The Gwendolyn Brooks Library provides exemplary information and instruction services to guide learning, teaching, research, and discovery for the CSU community. Library units support University mission, values, and vision by providing access to global information resources through cutting-eduge technology, by developing user-centered services that foster academic excellence and student success, and by creating spaces where positive transformational academic experiences can occur.
Although the field of Library Science recognizes the contributions and expertise of public services and technical services librarians as distinct, the two units work together as one to provide access, instruction, and resources to all CSU students, faculty, staff and patrons.
Technical Services librarians follow and support national standards and practices in selecting, ordering, organizing, processing and developing information resources and library collections in print, electronic and other media and formats. They account for all expenditures of library acquisitions budgets, maintain a quality online catalog, and support library service-related computing systems and applications. Those include the ProQuest Electronic Thesis and Dissertation system, the library’s server, consortial relationships, and maintenance of ROVER, the Library’s automated storage and retrieval system (ASRS). Technical Services librarians also provide technical support and assistance to the Archives unit.
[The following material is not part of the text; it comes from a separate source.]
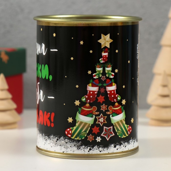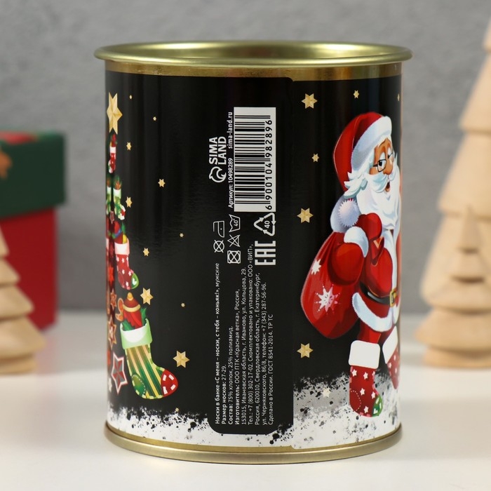 Носки в банке "С меня - носки, с тебя - коньяк!" (внутри носки мужские, цвет чёрный)

Public Services librarians take the work of Technical Services librarians and share it with patrons. Reference librarians provide reference assistance and research training to CSU students, faculty, staff, alumni and community patrons. They assist and instruct on all facets of research, information and document retrieval and use of library resources. Reference service is available in person, via email, via chat or over the telephone. Working as partners with teaching faculty, reference librarians conduct library instruction sessions in all academic disciplines. The Access Services and Scholarly Communications Librarian oversees the operations which make access to information possible, including circulation, course reserves, interlibrary loan, and library stacks and collection management.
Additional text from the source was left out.